It tricky to know what to do when you wake up in the morning in your flat, walk downstairs and find your ground floor neighbour has added a swastika to their front door. I can understand adding a nameplate or perhaps a seasonal wreath but a symbol of Nazi power is a different matter entirely. Of course, it could have been the Indian symbol of peace but, when confronted with a swastika, my first thought is not to think these people mean well. Especially not when it was drawn on the door in blood.
What was worse, being British, I would have just ignored it and hoped it would go away by the time I got home from work. However we had people coming later that day for a second viewing of our flat. The first people to do so in five years. We’d be trying to sell it through the post 2008 recession and had it on the market twice. This was the first couple who’d not dismissed it after one viewing. We could not have them see a swastika as soon as they walked in.
“What’s that?” they’d say while pointing to it.
“Indian symbol of peace?” I’d suggest while they make their excuses and leave.
I needed to do something. But what? I thought of knocking on their door and asking if they would remove the swastika themselves. But then I thought what if it was a genuine Indian symbol of peace. Would this be like asking a Catholic to remove their cross? Perhaps I should check first: I could say, “Is this symbol more ethnic or ethnic cleansing?
And what if they said it was ethnic? Could I then ask them to remove it? I’m not sure I could, it would be culturally insensitive. So, I did what anyone would do in the circumstance. I grabbed a paint pot, a brush and decided to paint their door. Luckily, their door was white and I had white paint as otherwise they would open it and say:
“Can’t wait to see the swastika we created last night! If we just open this door we’ll see – what a minute, where’s the swastika? Where’s my blood? Was it this door we used? Don’t tell me, we got the wrong door. Check the kitchen! And, wait, was our door white?!”
It only takes me a couple of minutes to paint the door. The whole time I’m doing it I’m worried they’ll open the door and I’ll have to explain why they’re interrupting me mid-stroke. A mid-stroke interruption only slightly less embarrassing by your mum catching you mid-horniness.
“What are you doing?” They’d say.
And I then have to explain we had a flat viewer coming and I’ve already said how embarrassing that would be – having to talk to my neighbour. But now I’m doing so while carrying out some guerrilla DIY.

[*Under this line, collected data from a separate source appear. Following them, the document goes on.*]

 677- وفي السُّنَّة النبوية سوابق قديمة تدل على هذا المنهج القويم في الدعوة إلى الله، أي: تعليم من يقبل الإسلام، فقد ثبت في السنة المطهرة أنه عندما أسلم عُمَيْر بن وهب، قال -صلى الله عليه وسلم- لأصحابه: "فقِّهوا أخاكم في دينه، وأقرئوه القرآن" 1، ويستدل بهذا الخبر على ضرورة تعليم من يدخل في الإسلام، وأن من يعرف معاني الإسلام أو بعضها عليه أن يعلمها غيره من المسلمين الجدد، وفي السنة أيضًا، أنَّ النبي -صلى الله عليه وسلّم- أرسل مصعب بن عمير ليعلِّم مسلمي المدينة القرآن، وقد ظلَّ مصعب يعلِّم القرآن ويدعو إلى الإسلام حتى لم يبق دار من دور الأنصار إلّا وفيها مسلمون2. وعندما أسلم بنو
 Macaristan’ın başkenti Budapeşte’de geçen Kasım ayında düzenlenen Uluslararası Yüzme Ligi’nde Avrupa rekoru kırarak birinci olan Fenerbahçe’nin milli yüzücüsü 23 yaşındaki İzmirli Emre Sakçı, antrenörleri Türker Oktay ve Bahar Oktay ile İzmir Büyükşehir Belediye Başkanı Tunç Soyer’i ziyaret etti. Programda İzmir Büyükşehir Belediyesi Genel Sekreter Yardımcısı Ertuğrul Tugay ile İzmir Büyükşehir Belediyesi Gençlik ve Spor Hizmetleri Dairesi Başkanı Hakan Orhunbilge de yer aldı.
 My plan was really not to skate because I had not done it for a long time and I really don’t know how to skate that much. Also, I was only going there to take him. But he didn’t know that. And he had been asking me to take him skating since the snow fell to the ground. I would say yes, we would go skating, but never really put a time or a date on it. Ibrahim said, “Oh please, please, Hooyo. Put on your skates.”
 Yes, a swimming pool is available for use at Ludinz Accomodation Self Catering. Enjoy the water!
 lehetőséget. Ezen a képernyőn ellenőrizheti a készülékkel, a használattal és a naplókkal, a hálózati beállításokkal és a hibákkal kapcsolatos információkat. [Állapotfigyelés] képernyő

“Just giving the hall a lick of paint,” I’d say, and then I’d have to paint the whole hallway and every door to keep up the pretence that I wasn’t just trying to erase their swastika.
“Also,” I’d add, “it’s because of the symbol.”
“The swastika?” They’d ask, because if you’re going to paint a swastika in blood on your own door then I imagine they’d be pretty up front about it. It’s not the move of someone who’s shy and quiet.
“Yes, the Indian peace symbol,” I’d suggest because I’d want to give them a way out of the conversation.
And they’d say “Heil, Hitler,” while saluting.
And I’d say, “Heil, Hitler,” just to be polite.
Then the two of us would probably paint another swastika because I’d be too afraid to mention the first one again. Except this time they use my blood because they still feel a bit faint from yesterday’s swastika.
That’s the thing about daubing hate graffiti onto porous surfaces, you need a lot of liquid to leave a mark, which is something they don’t teach you in the Hitler Youth camps, it’s all marching and saluting and very little about basic decorating.
Luckily, the door didn’t open and I was able to make it all white while trying not think of the irony of that while erasing a symbol of white power.
If I had been caught, I suspect that my neighbours would have not thought I was a mutual admirer of the Fuhrer. Instead they would probably have thought I was Jewish. Many do. It’s because I have a big nose. Which sounds racist. I’m saying that people think I’m Jewish because I have a big nose. Which suggests I think Jewish people have a big nose. But I’m not the one making the comparison. It’s the people thinking I’m Jewish because of the nose. They’re the racist ones. Especially the Jews.
(I’d better explain that comment quickly!)
I was on holiday before lockdown when a group of Hassidic Jews approached me. We were queuing for a tourist attraction with Asian tourists in masks, a few black families and a number of Hassidic Jews. We thought nothing of them until they came over and said “Shalon, brother!” and then tried to talk to me as if I was part of their tour group. I wasn’t. But my nose made them think I was. Racists!
It wasn’t the first time either, at work, a senior partner would always ask me for directions to the Jewish cemetery or if I knew how to get to various synagogues. Again, I’m not Jewish, but my nose is or at least people think it is – and think I am! – until they catch me with a paint pot in front of a door with a recently daubed swastika.